Comment 11 Knud Poulsen 2014-06-10 18:23:04 UTC
Check out: http://forums.lenovo.com/t5/X-Series-ThinkPad-Laptops/x230-SATA-errors-with-180GB-Intel-520-SSD-under-heavy-write-load/td-p/1066041/page/5

A Lenovo employee has posted an ssd firmware update "LB3i" that may fix this, search for "Re: x230: SATA errors with 180GB Intel 520 SSD under heavy write load"

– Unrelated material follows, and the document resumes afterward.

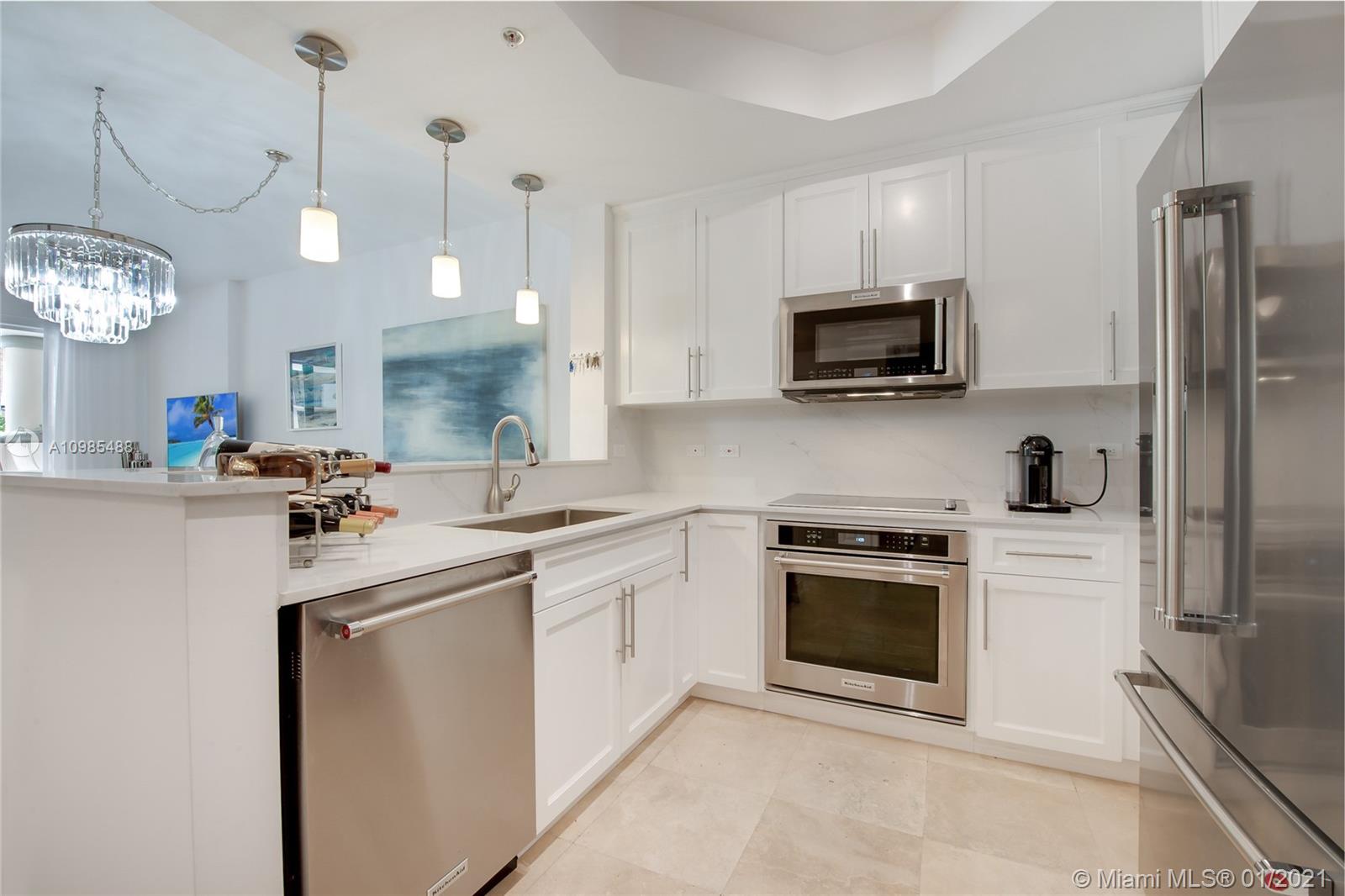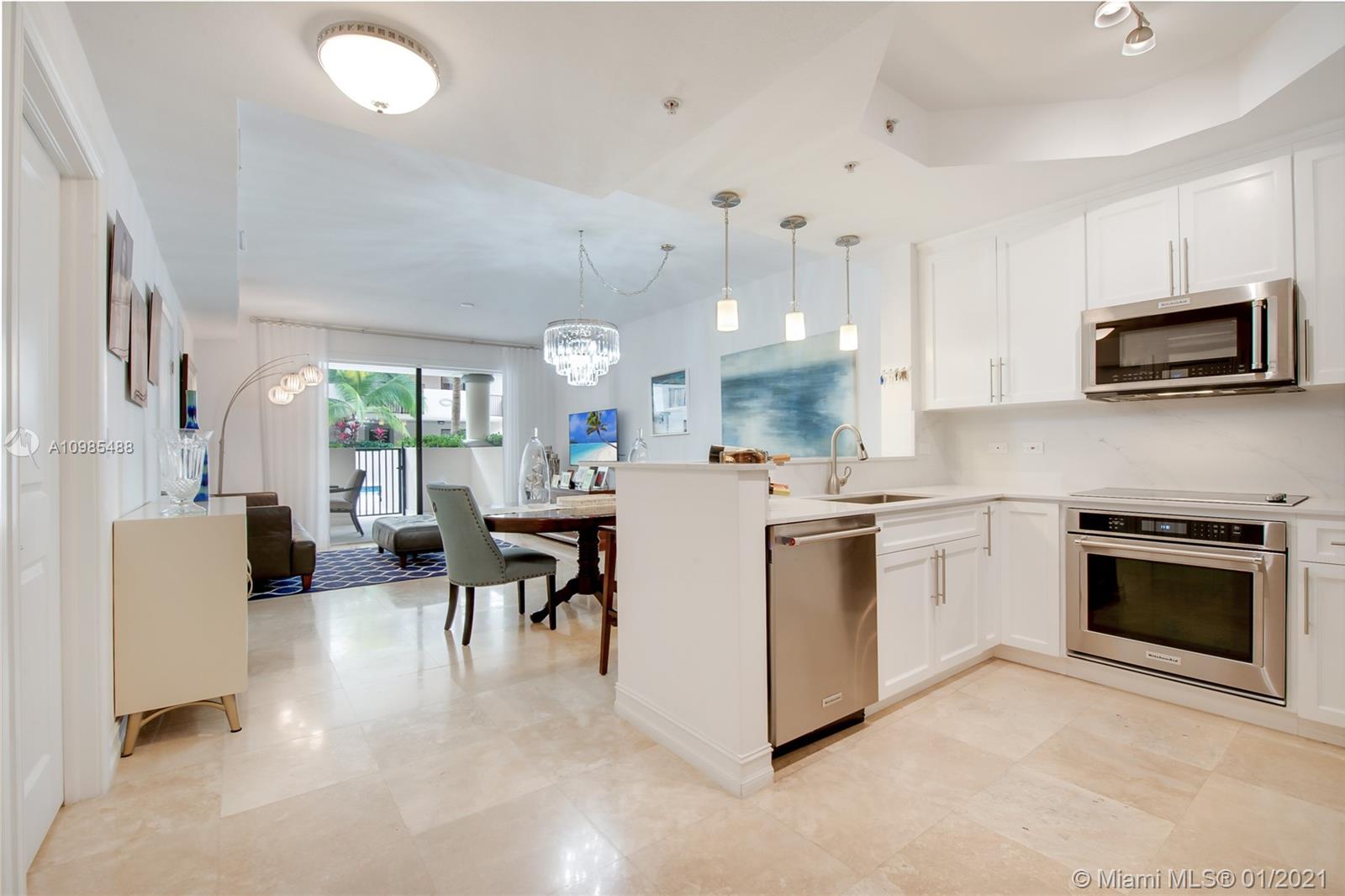 Stunning & completely remodeled w/ Quartz kitchen tops, new cabinets & appliances w/extended warranties. Master bath w/dual sinks, jacuzzi, impact windows, new dryer/washer. Large living area w/an open kitchen concept facing the pool area. Natural stone in the oversized terrace facing the pool area, perfect for entertaining. Walk-in closets in the master bedroom & all of the closets designed by The Container Store. One large bedroom w/ a full bath is located on the first floor & other 2 bedrooms w/full baths on the 2nd floor. Fitness & office center w/ free internet located in this boutique building. Secured building & parking w/ cameras. Covered tandem parking for 2 cars. Perfect location close to the Mile where you enjoy restaurants. 24 hours notice required for showing. Mask required.

I've attached his file here also, password: Lenovo

Testing it myself now...
Comment 12 Knud Poulsen 2014-06-10 18:24:47 UTC
Created attachment 138951 [details]
unofficial Lenovo ssd fw LB3i which /may/ fix this

unofficial Lenovo fw LB3i from: http://forums.lenovo.com/t5/X-Series-ThinkPad-Laptops/x230-SATA-errors-with-180GB-Intel-520-SSD-under-heavy-write-load/td-p/1066041/page/5 , unzip with password: Lenovo
Comment 13 Knud Poulsen 2014-06-12 07:34:37 UTC
The LB3i firmware for 520 ssd's alleviates (but does not solve) the problem in my case. The ssd still becomes unresponsive under continuous write, but after a significantly longer time than with the previous firmware, up from 10 minutes to 30 minutes in my case, this only happens on the Lenovo laptop, not when hooking it up to another computer.
Comment 14 Christoph Gritschenberger 2014-06-13 08:35:03 UTC
I had no luck with the LB3i-firmware. Still got a bluescreen on Windows.
Sadly Lenovo refuses to admit the bug (despite my efforts to proof and reproduce it)
Comment 15 Csaba Csordás 2016-05-15 17:07:33 UTC
I'm having the same problem. The newest experimental Lenovo firmware did not resolve the issue. So, this drive is useless. Wish I could flash it with the Intel firmware 400i.
Comment 16 Csaba Csordás 2016-05-15 17:15:12 UTC
Created attachment 216331 [details]
SSDSC2BW180A3L with LE1i firmware in a T430, UEFI G1ETB0WW (2.70 ) 01/21/2016
Comment 17 Csaba Csordás 2016-05-15 17:15:19 UTC
Created attachment 216341 [details]
SSDSC2BW180A3L with LB3i firmware in a T430, UEFI G1ETB0WW (2.70 ) 01/21/2016
Comment 18 Csaba Csordás 2016-05-23 16:48:54 UTC
Interestingly, Hewlett Packard has also released the LB3i firmware version in sp61213.
They also mention:
"For the Intel SSD 520 Series models: 
- Provides improved PHY margin setting to prevented losing the link to the SATA

However, that is for the "HP variant" of SSDSC2BW180A3: "INTEL SSDSC2BW180A3H="180GB Intel SSD 520 Series Drive".